++++ Material to process ++++

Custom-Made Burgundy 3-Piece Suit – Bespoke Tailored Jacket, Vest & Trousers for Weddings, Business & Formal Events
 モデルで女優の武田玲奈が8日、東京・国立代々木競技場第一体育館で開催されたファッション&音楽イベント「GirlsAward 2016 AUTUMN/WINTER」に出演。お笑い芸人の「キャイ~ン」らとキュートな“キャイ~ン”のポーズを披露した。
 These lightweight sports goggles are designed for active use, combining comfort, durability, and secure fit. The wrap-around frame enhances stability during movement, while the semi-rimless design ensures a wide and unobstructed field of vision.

++++
++++ Material to process ++++

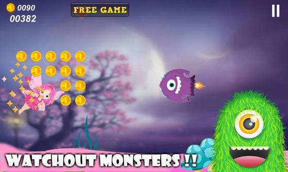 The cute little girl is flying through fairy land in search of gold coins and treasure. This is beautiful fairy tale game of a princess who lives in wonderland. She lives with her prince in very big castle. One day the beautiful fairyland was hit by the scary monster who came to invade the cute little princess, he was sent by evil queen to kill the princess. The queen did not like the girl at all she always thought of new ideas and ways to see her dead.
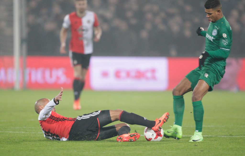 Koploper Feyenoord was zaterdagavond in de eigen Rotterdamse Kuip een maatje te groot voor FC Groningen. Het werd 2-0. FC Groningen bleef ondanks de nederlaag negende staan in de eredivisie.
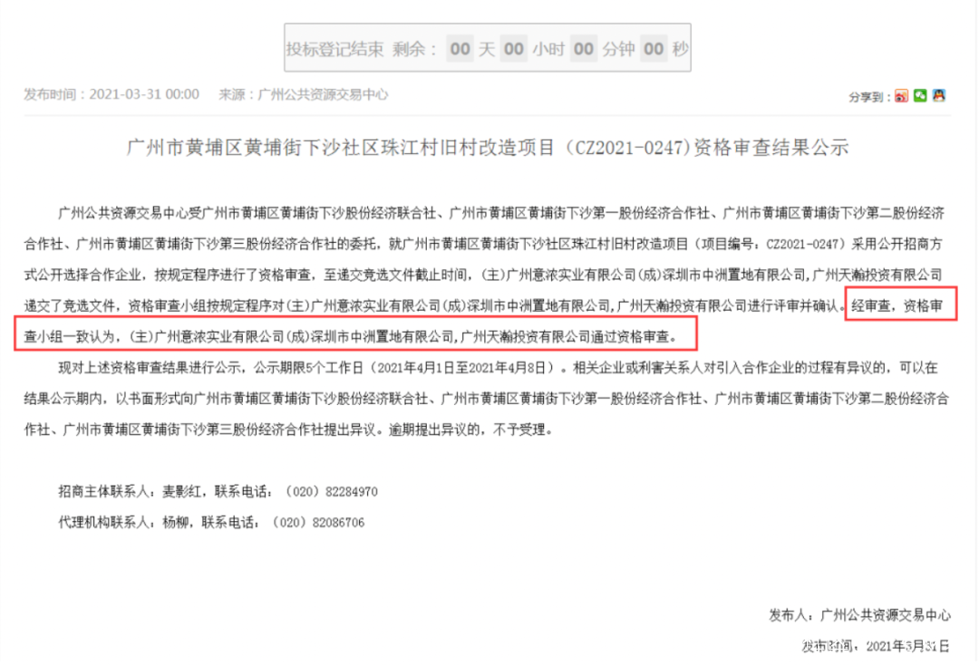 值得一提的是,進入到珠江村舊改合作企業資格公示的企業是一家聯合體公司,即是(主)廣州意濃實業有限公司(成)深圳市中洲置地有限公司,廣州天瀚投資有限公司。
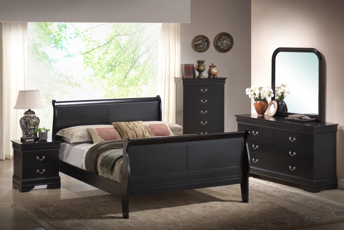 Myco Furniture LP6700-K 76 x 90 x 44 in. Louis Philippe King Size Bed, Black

++++

* **What the task asks**: Please, from the entries above, set down exactly the lines from the one containing "Custom-Made Burgundy 3-Piece" through the one containing "These lightweight sports", and only those.

* **Exercise response**:
Custom-Made Burgundy 3-Piece Suit – Bespoke Tailored Jacket, Vest & Trousers for Weddings, Business & Formal Events
 モデルで女優の武田玲奈が8日、東京・国立代々木競技場第一体育館で開催されたファッション&音楽イベント「GirlsAward 2016 AUTUMN/WINTER」に出演。お笑い芸人の「キャイ~ン」らとキュートな“キャイ~ン”のポーズを披露した。
 These lightweight sports goggles are designed for active use, combining comfort, durability, and secure fit. The wrap-around frame enhances stability during movement, while the semi-rimless design ensures a wide and unobstructed field of vision.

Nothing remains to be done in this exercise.